OK seems to be mostly working.

What about printing out long printf stuff to the debug monitor?

It seems that when using Logger class instead of Serial, when I want to dump the contents of, for example, a 1000-character webhook being sent, then Logger always clips the characters and appends a

~

to the output... like this:

{"link":{"ms":1180015,"hw":1001002,"fw":10102,"fl":0},"tm":1696560347,"pid":28789,"ad":0,"fw":32,"id":"00313953323251343037303439303330","bcrc":"25EF186A","oc~

How can I dump the whole contents of a long character buffer like this to the serial terminal in a thread-safe way using Logger class without getting the output clipped?

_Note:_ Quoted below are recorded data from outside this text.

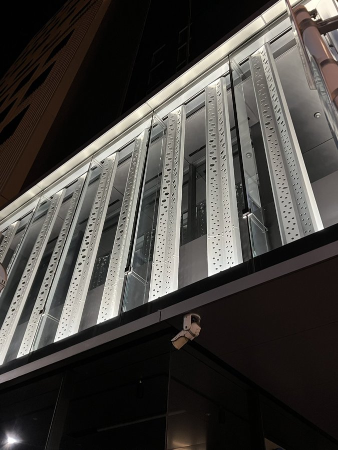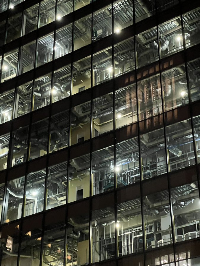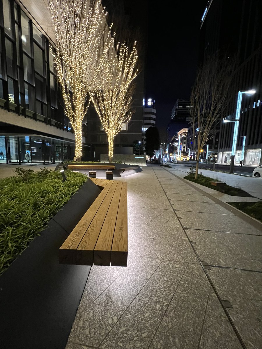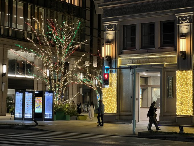 >nishio 土曜夜のオフィス街、ネオンサインとかなくて基本暗いので逆に面白いぞ
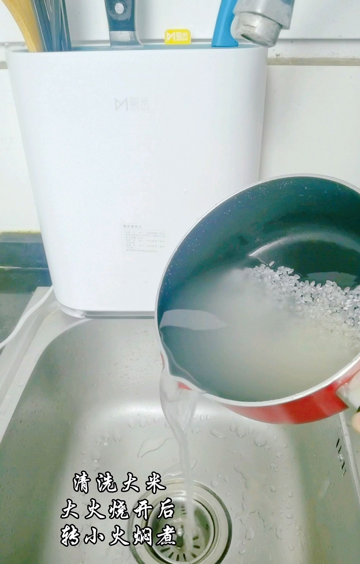 辅料:皮蛋1个、牛肉20克、姜葱少许
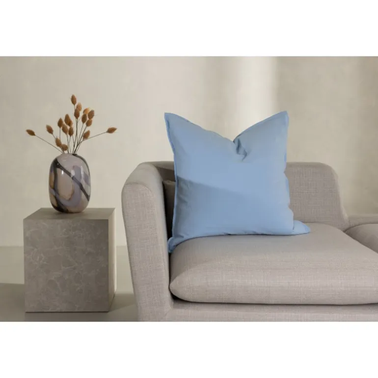 En lyseblå pudevår er helt i tråd med de nuværende trends – her i lækkert bomuldsstof! Ronja-serien tilbyder pudevår i flere forskellige farver og størrelser, der er nemme at variere og kombinere med andre pudevår. Pudevåret har en diskret lynlås på bagsiden og en paspoalkant i samme stof. Følg vores vedligeholdelsesråd, så du nemt kan tage dig af eventuelle pletter og få en pude, der holder over tid!
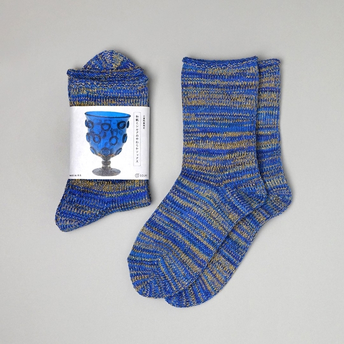 この宝物が持つ瑠璃色の世界を、「SOUKI ORIGINAL - 和紙とシルクのやわらかソックス -」で表現しました。
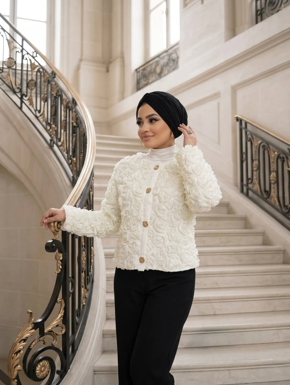 Güllü Beyaz Ceket modelini nasıl kombinleyeceğiniz tamamen sizin hayal gücünüze kalmış. Ankara butik kadın giyim trendlerine göz attığımızda, bu ceketin genellikle geniş paça pantolonlar veya kalem eteklerle tercih edildiğini görüyoruz. Şık bir ankara tesettür butik parçası olan bu ürün, üzerine eklenen gül detayı sayesinde kolye veya broş kullanımına gerek bırakmadan stilinizi tamamlıyor. Güllü Beyaz Ceket hem günlük kot pantolonlarla hem de ipek kumaşlarla muazzam bir kontrast oluşturur. Kadın giyim butik ankara moda anlayışını yansıtan bu yaklaşım, sizi her zaman bir adım öne çıkarır.
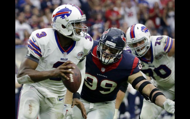 Deportes | Houston se sobrepone a su mala actuación ofensiva y superan 23-17 a Buffalo Texanos vencen a Bills Houston se sobrepone a su mala actuación ofensiva y superan 23-17 a Buffalo Por: AP 28 de septiembre de 2014 - 15:57 hs Watt intercepta un pase y devuelve el ovoide 80 yardas para la anotación de su equipo. AP / D. Phillip HOUSTON, TEXAS (28/SEP/2014).- Watt realizó otra jugada clave para que los Texanos de Houston se sobrepusieran a una mala actuación de su ofensiva y superaran el domingo 23-17 a los Bills de Buffalo. Houston (3-1) estaba abajo por tres puntos en el tercer periodo y Ryan Fitzpatrick había sufrido recién su segundo pase interceptado, cuando Watt hizo la gran jugada. El defensive end de 1.95 metros (seis pies y cinco pulgadas), quien pesa 131 kilogramos (289 libras) interceptó un pase y devolvió el ovoide 80 yardas para que los Texanos se colocaran arriba por 14-10. En la semana 2, Watt atrapó un envío de anotación. En lo que va de la campaña, suma más touchdowns que Arian Foster y Andre Johnson en forma combinada. Sometido a una intensa presión toda la tarde, EJ Manuel finalizó con 225 yardas por aire, dos touchdowns y dos interceptados por los Bills (2-2). Buffalo intentaba reaccionar en las postrimerías del partido cuando Darryl Morris aprovechó un balón regalado por Manuel en la yarda 15 de Houston, lo que sentenció el resultado. Temas NFL Futbol Americano Bills de Buffalo Texanos de Houston Lee También "Chucky" Lozano reconoce que jugaría en Chivas o en América Dónde ver EN VIVO el México vs Argentina por el Mundial Sub-20 ¿Dónde ver EN VIVO el partido amistoso México vs Colombia? México vs. Argentina: Hora de alzar el pecho Recibe las últimas noticias en tu e-mail Todo lo que necesitas saber para comenzar tu día Registrarse implica aceptar los Términos y Condiciones
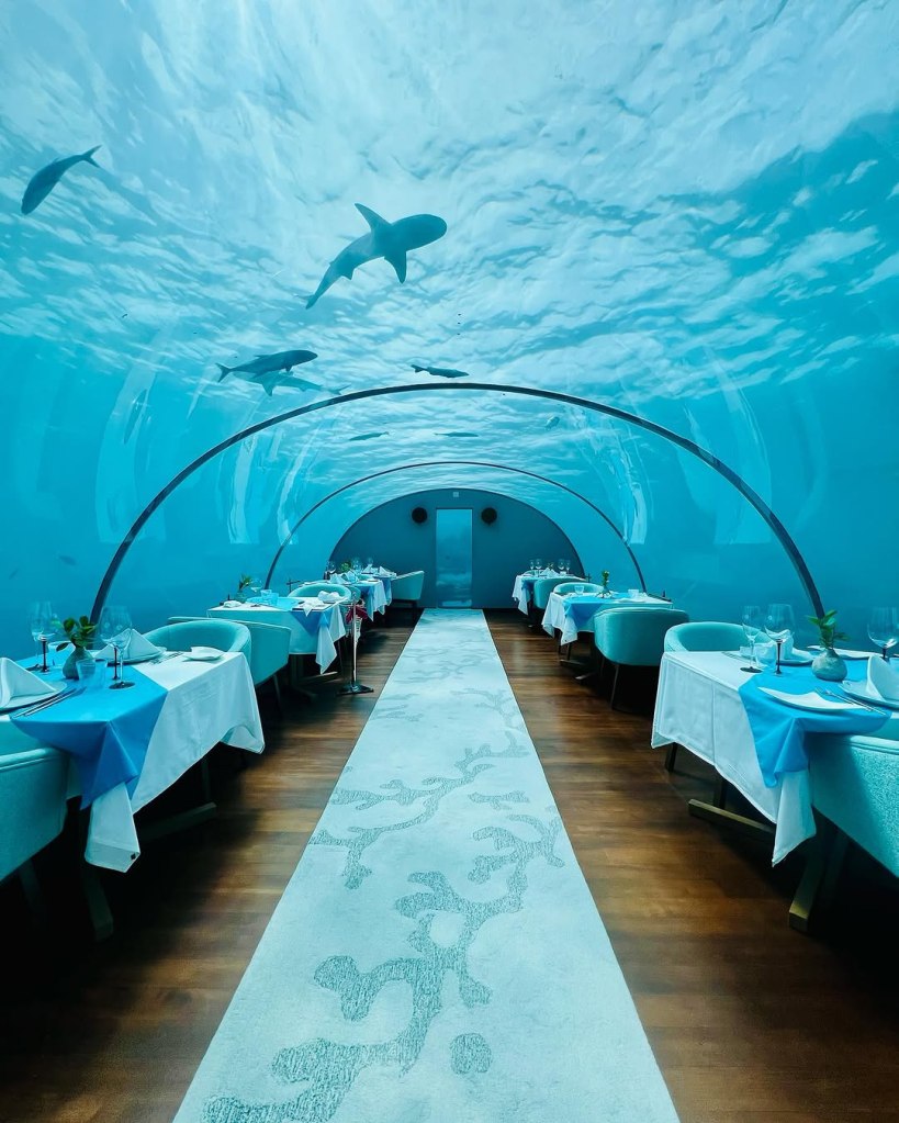 Aqua-Living Extravaganza: The highlight? The Muraka, the world’s first underwater residence. This two-level villa is a masterpiece of design and imagination, featuring a master bedroom submerged 16 feet below sea level. Floor-to-ceiling windows surround the underwater suite, creating an immersive experience where guests can watch manta rays glide by and vibrant schools of fish dance in the current. It’s a mesmerizing connection to the marine world, enhanced by luxurious interiors, from bespoke furnishings to state-of-the-art amenities. Above sea level, the villa offers an infinity pool, expansive sun deck, and private butler service, ensuring every whim is met with effortless grace.

my best idea so far is something like this:

	myLog.printf(
		"app_flags_sticky = 0X%08lx\n"
		"page_erase_kb = %lu\n"
		"reset_count = %lu\n"
		"por_count = %lu\n"
		"crash_count = %lu\n"
		"pack_sessions = %lu\n"
		,this->beat.app_flags_sticky.val
		,this->beat.page_erase_kb
		,this->beat.reset_count
		,this->beat.por_count
		,this->beat.crash_count
		,this->beat.pack_sessions
	);	
	Serial.flush();
	myLog.printf(
		"webhooks_generated = %lu\n"
		"webhook_bytes_generated = %lu\n"
		"webhooks_delivered = %lu\n"
		"self_check_watts = %lu\n"
		"self_check_loaded_mv = %lu\n"
		"self_check_unloaded_mv = %lu\n"
		,this->beat.webhooks_generated
		,this->beat.webhook_bytes_generated
		,this->beat.webhooks_delivered
		,this->beat.self_check_watts
		,this->beat.self_check_loaded_mv
		,this->beat.self_check_unloaded_mv
	);

... but this will require a lot of refactoring....

You can use Log.write(const char* data, size_t size) or Log.print(const char* data). This goes through logging thread-safety mechanisms, and directs the whole data buffer to the output log handler:

constexpr size_t logBufSize = 4096; // arbitrarily large enough buffer size
auto tmp = std::make_unique<char[]>(logBufSize);
if (tmp) {
    auto outSize = snprintf(tmp, logBufSize, "<format>", arg1, arg2, arg2, ...);
    if (outSize > 0) {
        Log.write(tmp, outSize);
    }
}
1 Like

This topic was automatically closed 182 days after the last reply. New replies are no longer allowed.